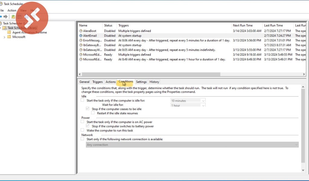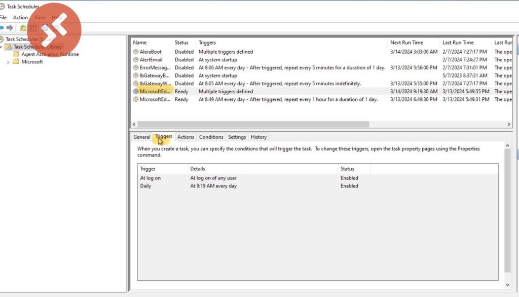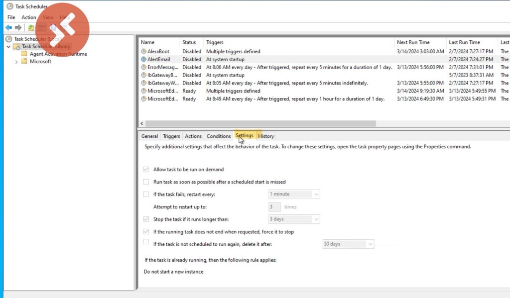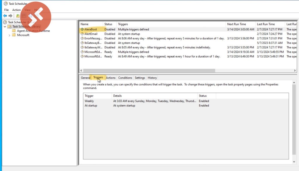 All settings and triggers for Windows Task Scheduler.
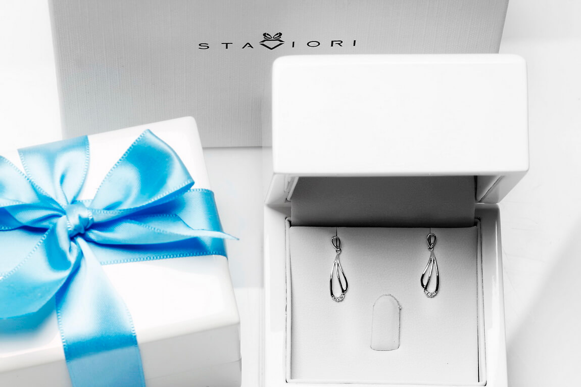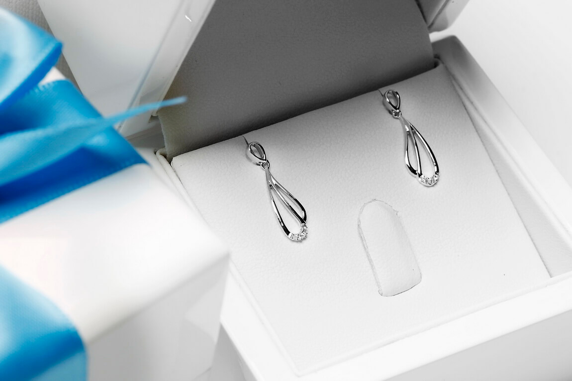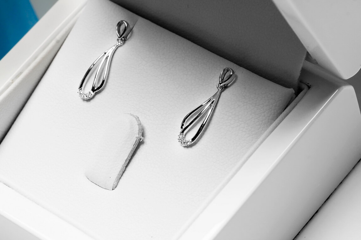 Kõrvarõngad valgest kullast teemantitega – KBD3884
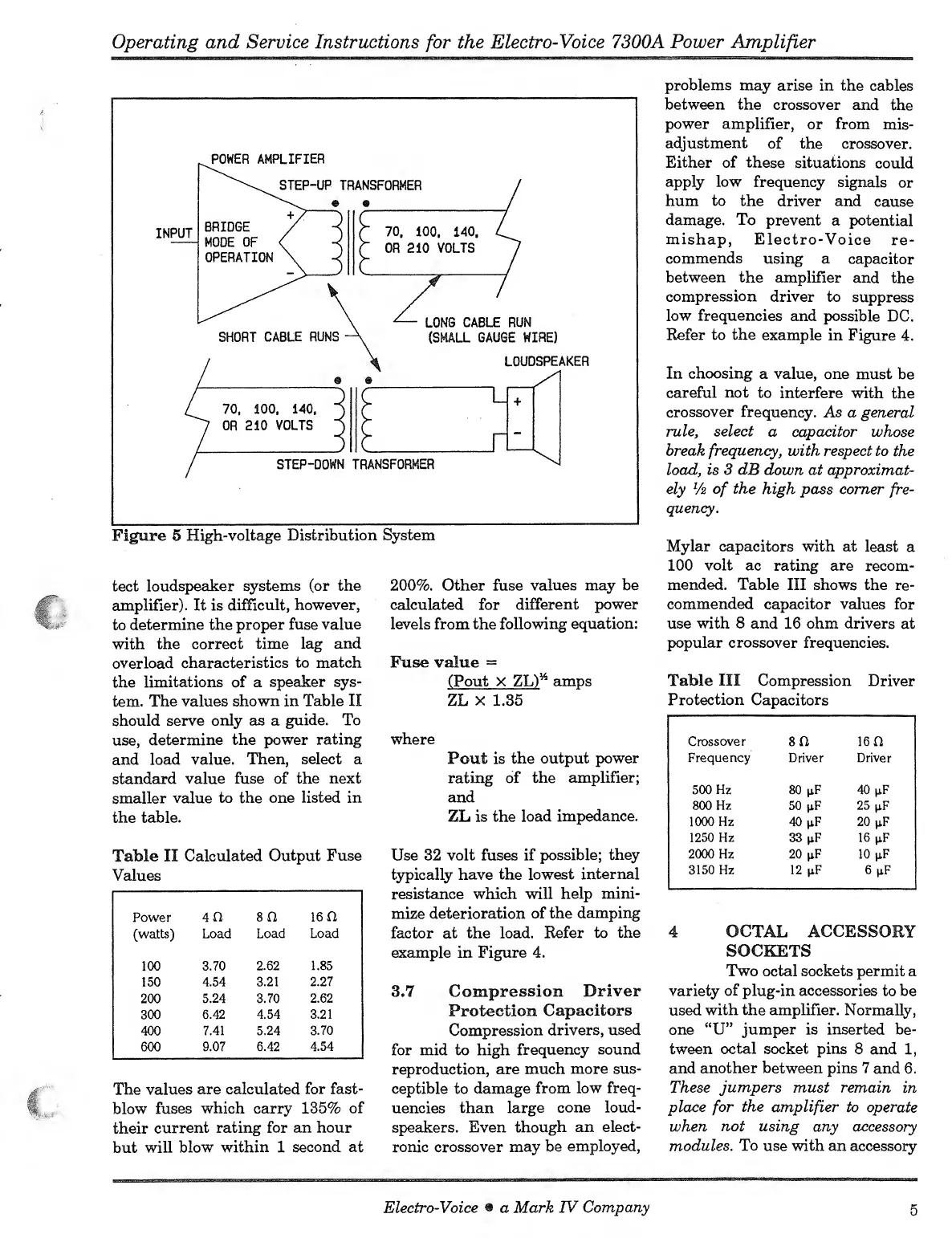 Electro-Voice 7300A - Compression Driver Protection Capacitors; Octal Accessory Sockets
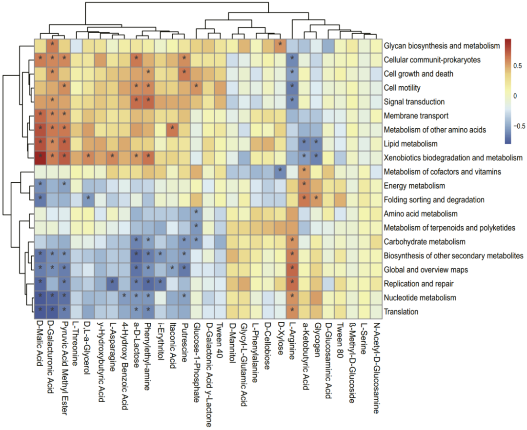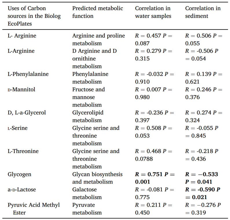 表1 基于Biolog Eco板的碳源利用与预测的相应物质代谢功能的相关性分析
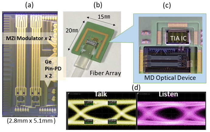 ゲートウェイ装置用シリコン細線シリコンフォトニクス変調器・光受信器集積デバイス(MD光回路)の開発を行いました。
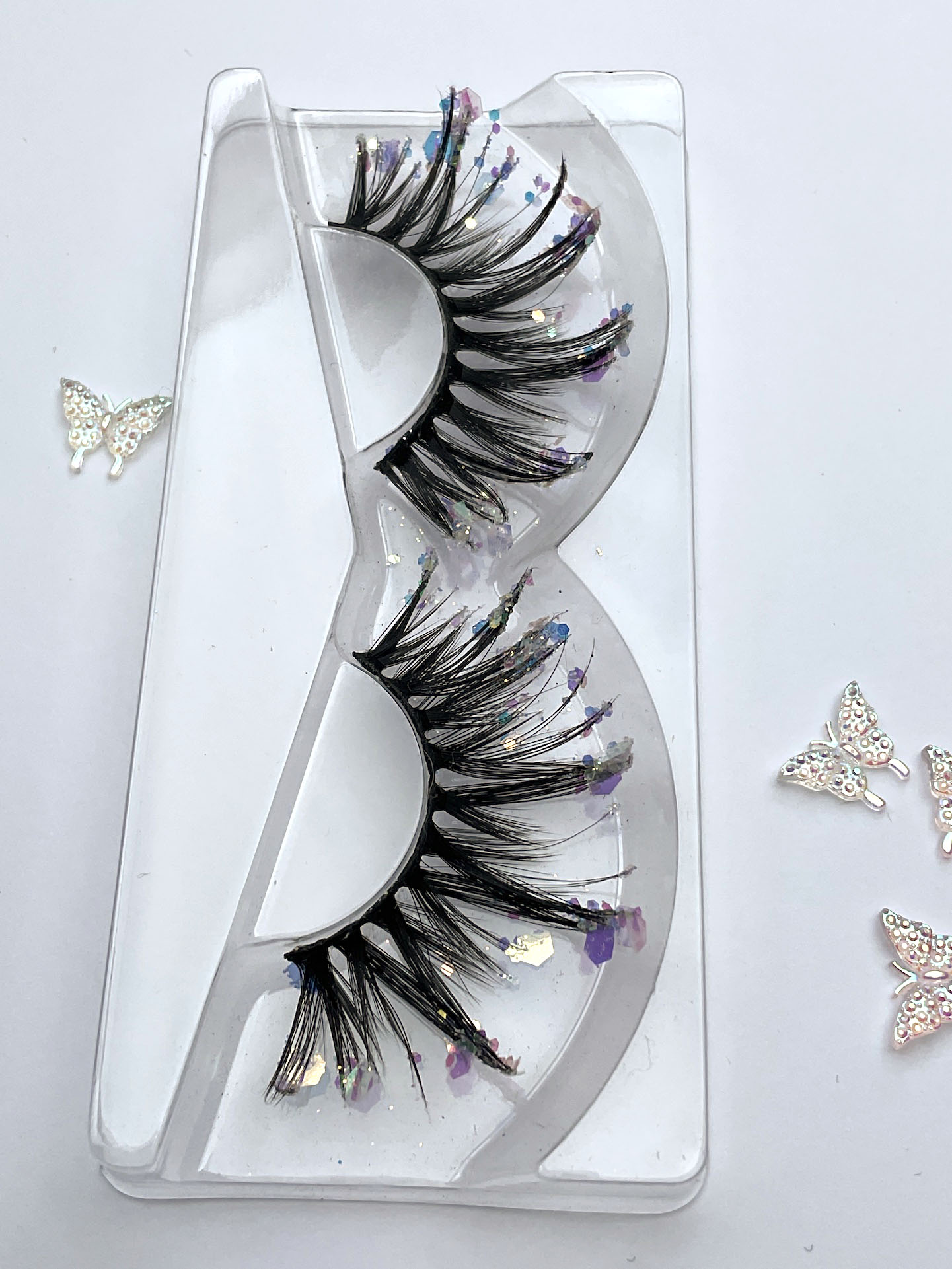 Icy Lilac Glitter Coated Jumbo False Lashes
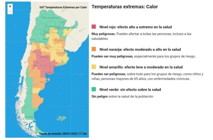 El Servicio Meteorológico Nacional ha modificado el Alerta por altas temperaturas. La continuidad de las mismas en toda la provincia hizo que ahora, el anticipo sea naranja y ya no amarillo, previéndose además el sostenimiento de estas temperaturas elevadas.
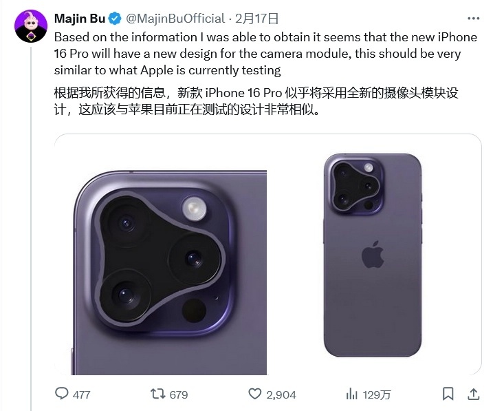 消息源 @MajinBuOfficial 近日发布推文,分享了 iPhone 16 Pro 手机的高清渲染图,展示了机身背面的全新相机岛设计,并表示该渲染图和苹果当前测试的原型机设计非常相似。
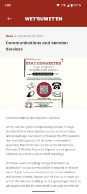 This app is designed to serve the needs of the Wet'suwet'en Nation, providing streamlined access to important information. Whether you’re looking to stay informed, participate in events, or explore opportunities, our app is here to support you. Download today to stay connected with Wet'suwet'en Nation!
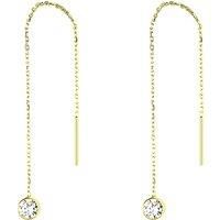 Whether you are wearing casual everyday attire or a fancy dressed-up outfit, these sophisticated yet timeless Chain Solitaire Earrings add elegance to your overall persona. Fashioned in a 925 recycled sterling silver, it showcases a dangling drop chain with a solitaire set cubic zirconia at the end that allures brilliantly. It has a sturdy back lock for a comfy, secure, or worry-free wear and take-off experience. These drop earrings come in gold and silver color that give an immense sparkle whenever you...
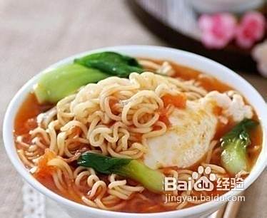 材料:方便面一包,番茄2个,小油菜100g,鸡蛋一个。花生油少许,葱段,姜片,盐少许做法:1.番茄切丁,小油菜洗净。锅里热油,加葱姜炝锅。2.倒入番茄丁,翻炒均匀后小火熬至软烂。3.倒入开水。(煮面,可多放一些)打入一个荷包蛋,中小火煮至蛋黄差不多凝固,把蛋捞出放入碗中。4.锅里放入面饼和调料拌匀。盖盖煮6-8分钟。然后放入小油菜调入少许盐再煮一分钟关火。5.放鸡蛋的碗里倒入醋和香油,然后把煮好的面倒入即可
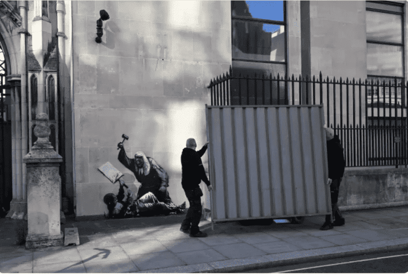 لوحته الأخيرة كانت حدثا ثقافيا وسياسيا وإعلاميا ثريا، فقد فاجأ البريطانيين والعالم بلوحة لاذعة وناقدة رسمها على إحدى الواجهات الخارجية لمبنى المحاكم الملكية في العاصمة البريطانية، تمثل قاضيا منحنيا حاملا مطرقته فوق متظاهر مطروح أرضا، بعد يومين من توقيف نحو 900 شخص في لندن خلال مظاهرة داعمة لمجموعة "فلسطين أكشن" المحظورة.
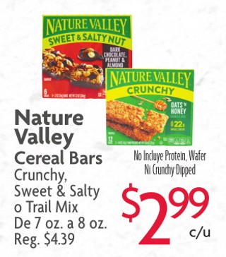 NATURE VALLEY CEREAL BARS CRUNCHY SWEET & SALTY O TRAIL MIX DE 7 OZ A 8 OZ
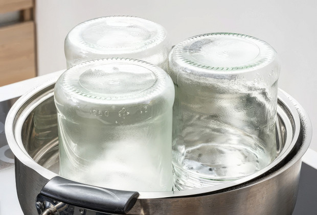 Стерилизуйте банки и крышки над паром в течение 20 минут.
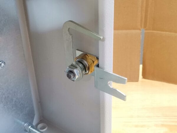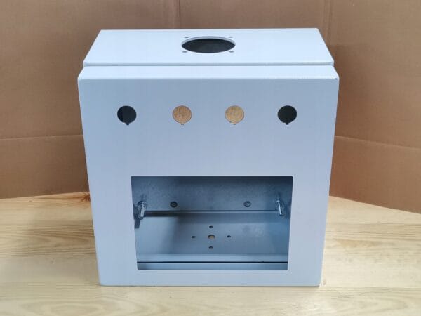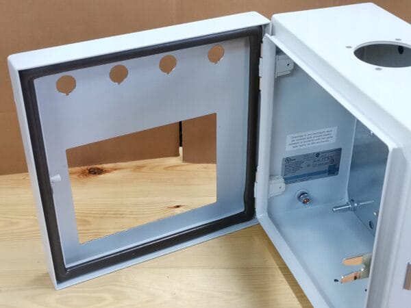 Stan: w drzwiczkach wycięty prostokąt: 198 x 142 mm, 4 otwory 22 mm
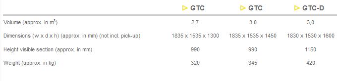 The GTC "Duisburg" developed especially for large housing complexes and is equipped with two deposit hatches on opposite sides of the container. Both deposit hatches are fitted with a lock to prevent unauthorized use. An identification system for source-related cost allocation is also available. An integrated solar panel and accumulator provide the system with electricity.
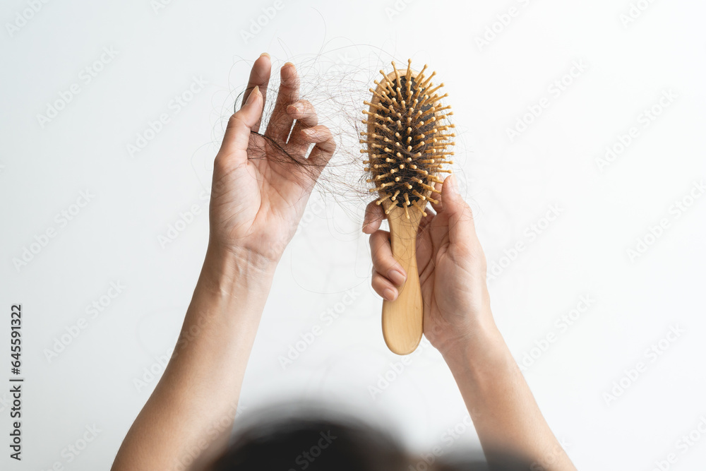Close-up young woman brushing her hair and have many hair loss on the comb
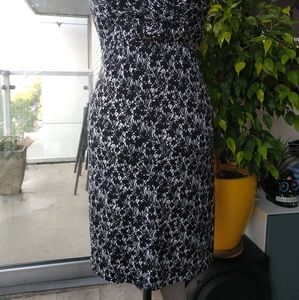 Comfortable, professional cap-sleeve knit dress is self lined in bodice, so it avoids being clingy or showing bralines. Polyester with soft drape and gentle give. Great and easy all day work wear, wrinkle resistant, stretch, flattering to curvy figures. Hits me at about the knee in a 5'5" frame, looks and feels good on me at 38C, 31" waist, 41" hip.
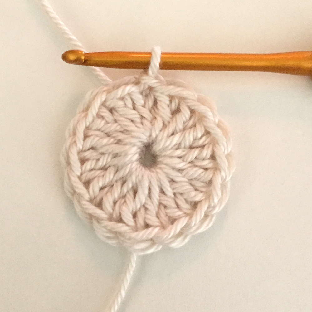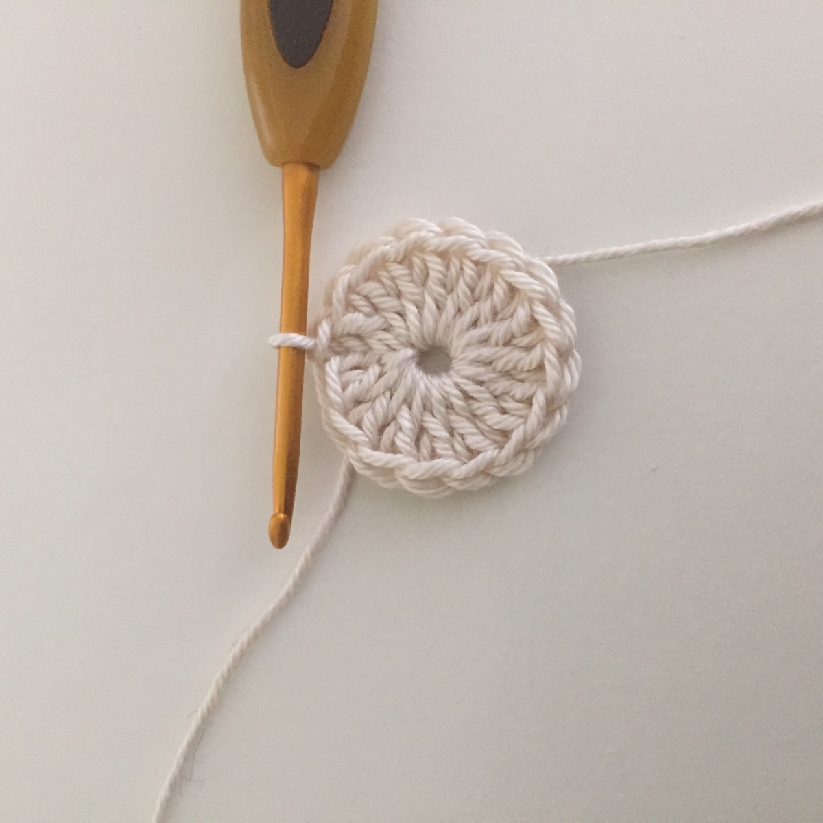 Varv 1: Gör en magisk ring med 3 lm, 15 st, avsluta med 1 sm i 3:e lm.
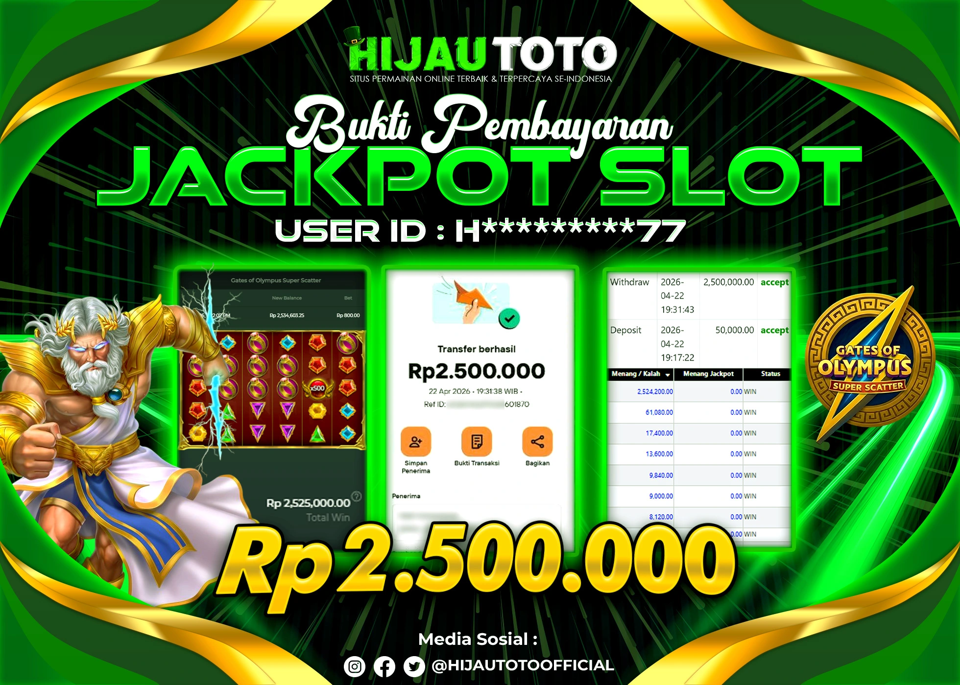 Bergabung dengan HIJAUTOTO sangat mudah dan cepat. Cukup lakukan pendaftaran dengan data lengkap, lakukan deposit minimal Rp5.000 melalui berbagai metode termasuk QRIS, dan mulai bertaruh dengan minimal taruhan Rp100. Dapatkan juga bonus new member 100% untuk modal bermain lebih besar.
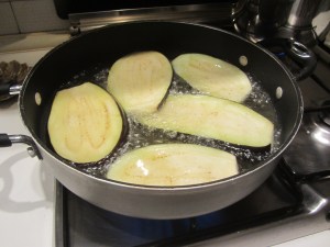 Strizzare e asciugare le melanzane e friggerle in olio di semi.
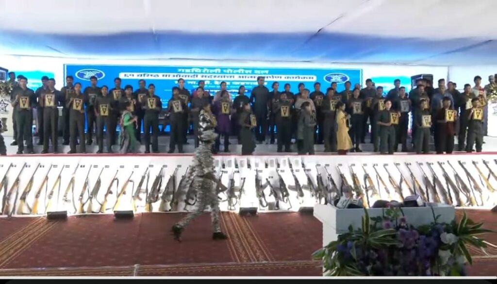 छत्तीसगढ़ कै पड़ोसी राज्य महाराष्ट्र गढ़चिरौली में मोजुल्ला वेणुगापाल राव उर्फ भूपत्ति उर्फ सोनूदादा,उर्फ अभय समेत 61 नक्सली ने महाराष्ट्र के मुख्यमंत्री देवेंद्र फडणवीस के सामने हथियार सहिंत आत्मसमर्पण किया है।
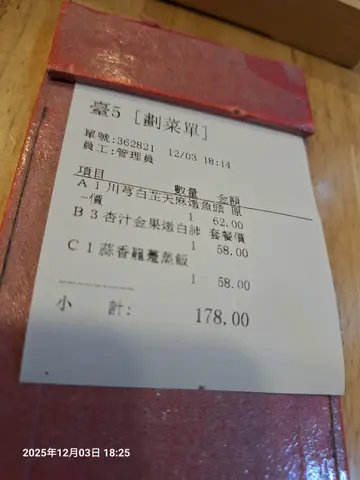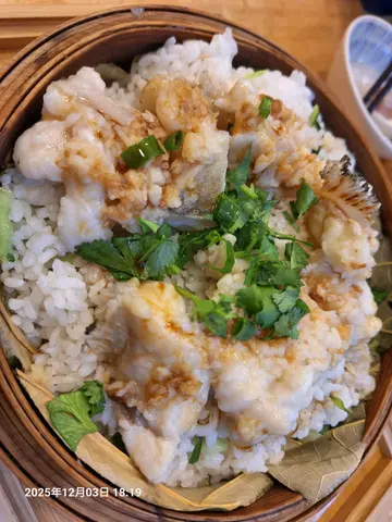 行经大坝街,见到呢间小店有好多套餐,有鲜鱼汤饭/米线,笼仔蒸饭,不同种类客饭,仲有多款炖汤选择呢度所有饭餐加多$10就可以饮炖汤,两点半去到冇乜客人,今次叫左蒜蓉笼趸蒸饭$58,等左大约十分钟就上枱蒸饭有蒽粒同菜,加埋有豉油兼啱啱蒸好都好够热,笼趸件有七至八件,鱼皮都几厚骨胶原都好丰富,笼趸肉鱼味都几好,鱼肉食落都几滑,加埋蒜蓉粒一切食,都好鲜味下次会试下其他总类海鲜如白鳝,蒸虾,或者饮下炖汤呢度地方细细,环境卫生普通,但胜在食材新鲜价钱唔太贵
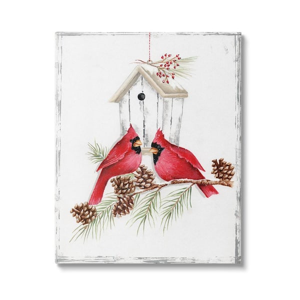 Cardinals and Snowy Birdhouse byEmma Leach 1-Piece Unframed Graphic Print Animal Poster Art Print 20 in. x 16 in.
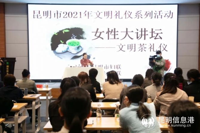 昆明信息港訊 記者李紅鸞 10月20日上午,由昆明市婦聯(lián)主辦、官渡區(qū)婦聯(lián)承辦的“女性大講壇”——茶禮儀專題講座在云南康樂茶文化城舉行。此次“女性大講壇”專題講座是昆明市2021年文明禮儀系列活動之一,以“茶禮儀”為主題,通過對茶文化、茶禮儀的學(xué)習(xí),提升婦女姐妹的文化素養(yǎng),營造文明和諧的社會氛圍。
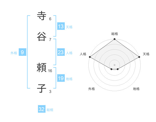 寺谷 頼子さんを姓名の画数から五運を鑑定

************

Return the lines above from the one with "NATURE VALLEY CEREAL" through the one with "行经大坝街,见到呢间小店有好", verbatim and nothing else. Omit every picture.

• _WORKED SOLUTION_
 NATURE VALLEY CEREAL BARS CRUNCHY SWEET & SALTY O TRAIL MIX DE 7 OZ A 8 OZ
 Стерилизуйте банки и крышки над паром в течение 20 минут.
 Stan: w drzwiczkach wycięty prostokąt: 198 x 142 mm, 4 otwory 22 mm
 The GTC "Duisburg" developed especially for large housing complexes and is equipped with two deposit hatches on opposite sides of the container. Both deposit hatches are fitted with a lock to prevent unauthorized use. An identification system for source-related cost allocation is also available. An integrated solar panel and accumulator provide the system with electricity.
Close-up young woman brushing her hair and have many hair loss on the comb
 Comfortable, professional cap-sleeve knit dress is self lined in bodice, so it avoids being clingy or showing bralines. Polyester with soft drape and gentle give. Great and easy all day work wear, wrinkle resistant, stretch, flattering to curvy figures. Hits me at about the knee in a 5'5" frame, looks and feels good on me at 38C, 31" waist, 41" hip.
 Varv 1: Gör en magisk ring med 3 lm, 15 st, avsluta med 1 sm i 3:e lm.
 Bergabung dengan HIJAUTOTO sangat mudah dan cepat. Cukup lakukan pendaftaran dengan data lengkap, lakukan deposit minimal Rp5.000 melalui berbagai metode termasuk QRIS, dan mulai bertaruh dengan minimal taruhan Rp100. Dapatkan juga bonus new member 100% untuk modal bermain lebih besar.
 Strizzare e asciugare le melanzane e friggerle in olio di semi.
 छत्तीसगढ़ कै पड़ोसी राज्य महाराष्ट्र गढ़चिरौली में मोजुल्ला वेणुगापाल राव उर्फ भूपत्ति उर्फ सोनूदादा,उर्फ अभय समेत 61 नक्सली ने महाराष्ट्र के मुख्यमंत्री देवेंद्र फडणवीस के सामने हथियार सहिंत आत्मसमर्पण किया है।
 行经大坝街,见到呢间小店有好多套餐,有鲜鱼汤饭/米线,笼仔蒸饭,不同种类客饭,仲有多款炖汤选择呢度所有饭餐加多$10就可以饮炖汤,两点半去到冇乜客人,今次叫左蒜蓉笼趸蒸饭$58,等左大约十分钟就上枱蒸饭有蒽粒同菜,加埋有豉油兼啱啱蒸好都好够热,笼趸件有七至八件,鱼皮都几厚骨胶原都好丰富,笼趸肉鱼味都几好,鱼肉食落都几滑,加埋蒜蓉粒一切食,都好鲜味下次会试下其他总类海鲜如白鳝,蒸虾,或者饮下炖汤呢度地方细细,环境卫生普通,但胜在食材新鲜价钱唔太贵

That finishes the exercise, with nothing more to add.